# Have you Ever Seen a Lolcow in Real Life?



## SpergPatrol (Jul 10, 2018)

I ask because I saw two real life lolcow at my job that even though I didn't know their names, they were already a huge lolcow for the few hours I saw them sit at thier table.

I thought it be fun to share expierences from people who ever had an encounter from a cow that might not be known or is known but not really anything noteworthy for the threads they already have.

Mine were two big fat  people. One was dressed in footy pajamas and the other that came into the place that I work was holding already 5 stuffed animals.
I talked with them and I swear to god they both sounded exactly like chris chan even the girl somehow.
I didnt really focus on it because I thought maybe they were foreign and the accent might not translate well so I got the items they requested.

I work near disney resort but this didn't give off any lolcow vibes yet so I gave them what they came for and they sat down and opened two labtops and phones.
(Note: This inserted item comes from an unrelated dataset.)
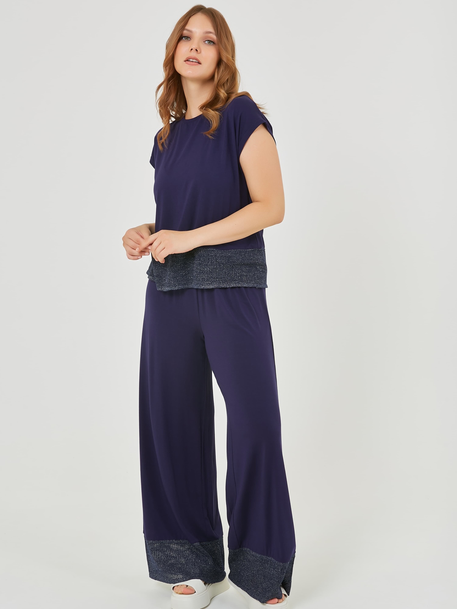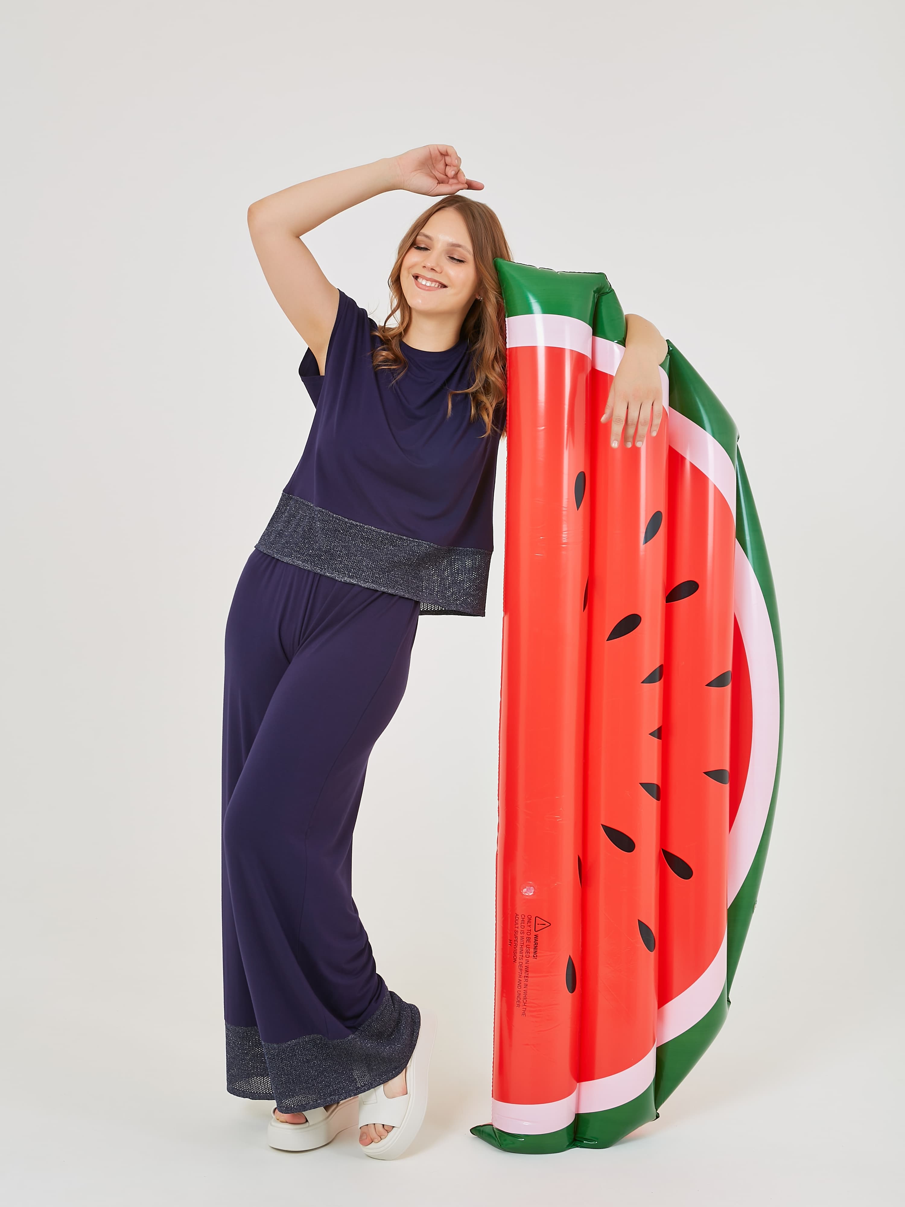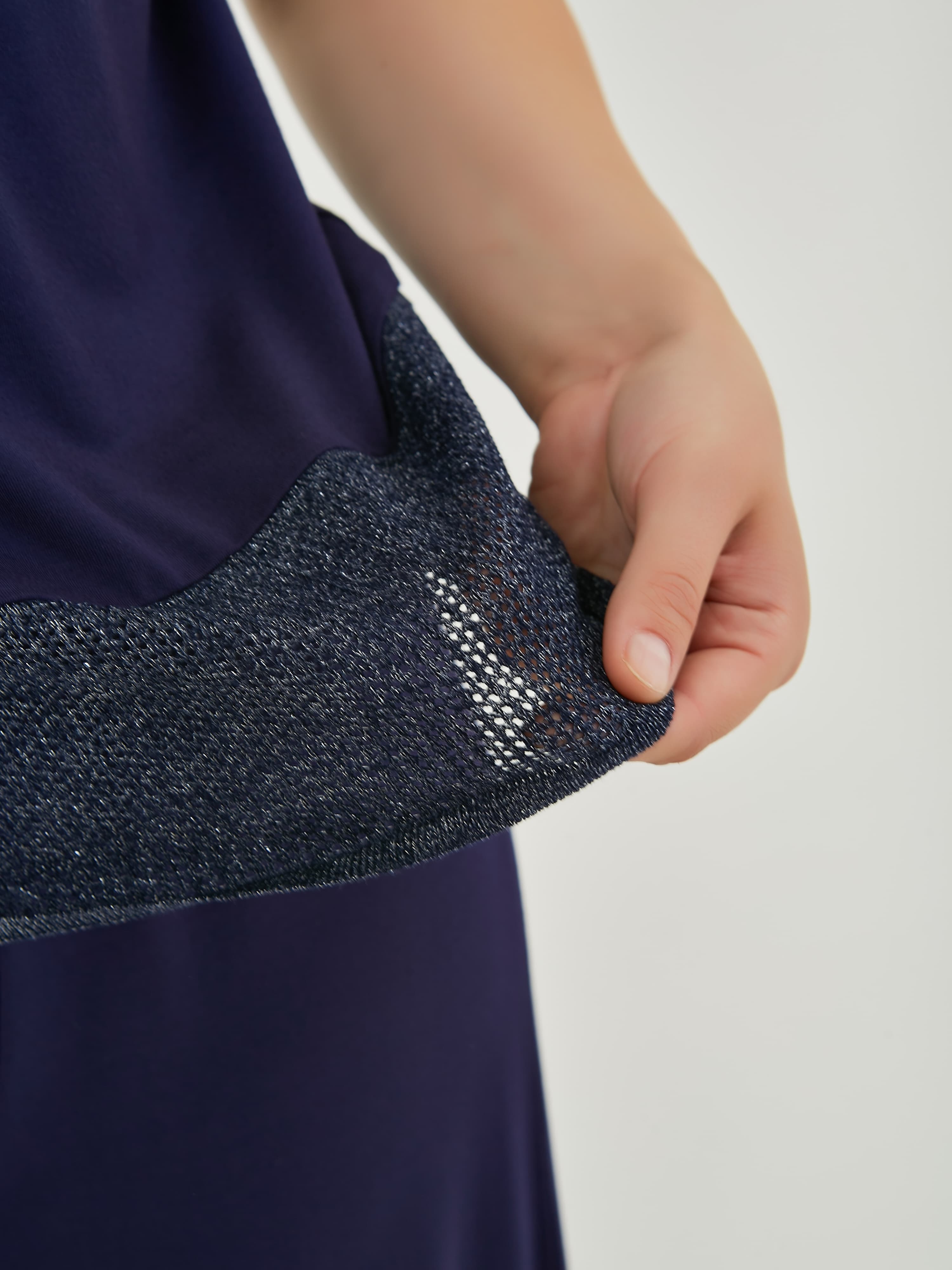 Стильная футболка глубокого синего цвета с короткими рукавами и текстурированным низом идеально сочетает комфорт и современный дизайн. Коллекция Весна-Лето 2025. Капсула "Самарканд". Параметры модели: 95-64-101, рост 175, размер 44-46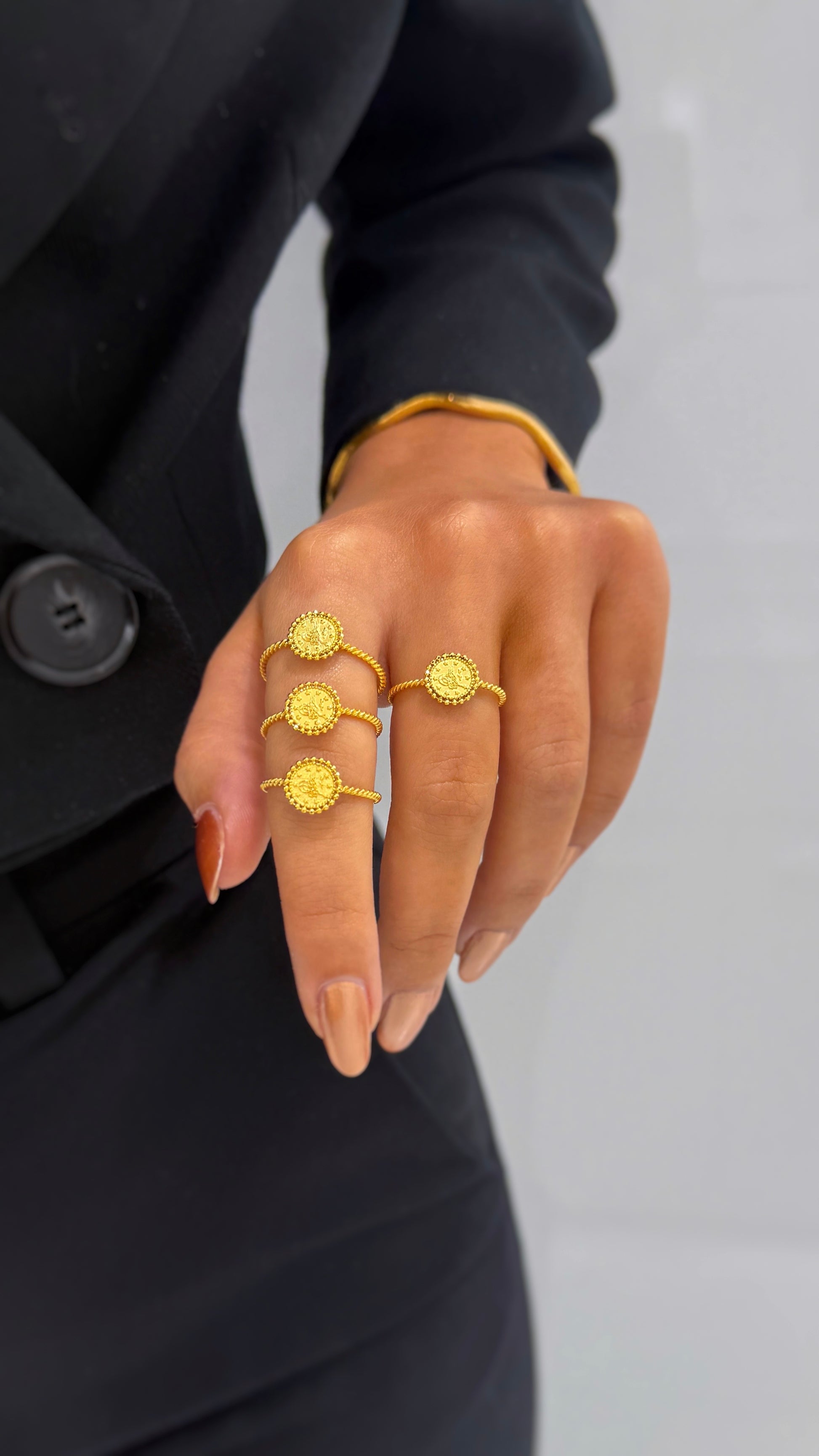 Dieser edle Ring aus 14 Karat Gelbgold verbindet traditionelle Eleganz mit modernem Feingefühl. Im Zentrum steht eine zarte, kleine Münze, deren dezente Struktur dem Schmuckstück eine dezidiert klassische Note verleiht. Umrahmt wird die Münze von einer feinen Linie aus winzigen, funkelnden Kügelchen, die dem Ring eine außergewöhnliche Raffinesse und lebendige Textur schenken.

This also wasn't anything shocking because again disney I figured they were tourists talking to family or something.
Well right until they literally started screaming "This Facebook group is lying about me FUCK THIS GROUP!"
The other one also joined in the chant "Yah fuck this group!" 
Right next to an entire family of small children no older than five, and they are screaming fuck so loud that everyone was looking at them.

They didn't seem to care and eventually stopped. 
I already suspected right then they were cows but I was more focused on at the time on cleaning the establishment so I lef to do so.

Then it started again this time they were saying "fuck you," to a livestream of some girl who the lady wearing the pink minnie shirt said "was spreading lies about her," and " fuck that bitch," while texting a thrid party before resuming the chant "fuck that facebook group."

I went back to my post for a few hours and stopped watching them for a short time.

When I looked back at them I got a glance when one was getting up.

They had visible shit their pants and I had to go clean again so I got to see up close those two and I will never forget what I saw.

Both of them had thier shirts all the way to thier pants all covered in shit.

I knew at that moment they were both lolcows.

Turns out when I stopped looking they both went into the men and women's bathroom and shat not in the toilet,  but in the trashbin.

And it didn't take a rocket scientist to figured out they played with it too.

The manager got cussed out by them when she actually told them to not shit in our trashbins again.
They later apologized and said "she was a nice lady and we are sorry for yelling."

They ending up staying from 7 p.m. all the way to closing at 1 a.m.

They used up all of our internet and they were just on there stalking a facebook group and livestream saying "fuck these guys," and playing some phone version of Farmville.

And right before they waddled out they broke the women's trashbin before smearing shit on the door on thier way out.

But right before they left I heard them say "I like this place we are coming back here more often."

I don't know if I should quit my job now so I don't have to clean the literal shitstorm they leave the place in or stay and record that shit just to archive this shit actually happening.


----------



## Okkervils (Jul 10, 2018)

lol bullshit


----------



## SpergPatrol (Jul 10, 2018)

Okkervils said:


> lol bullshit


It is true if they came back I will show pictures and everything.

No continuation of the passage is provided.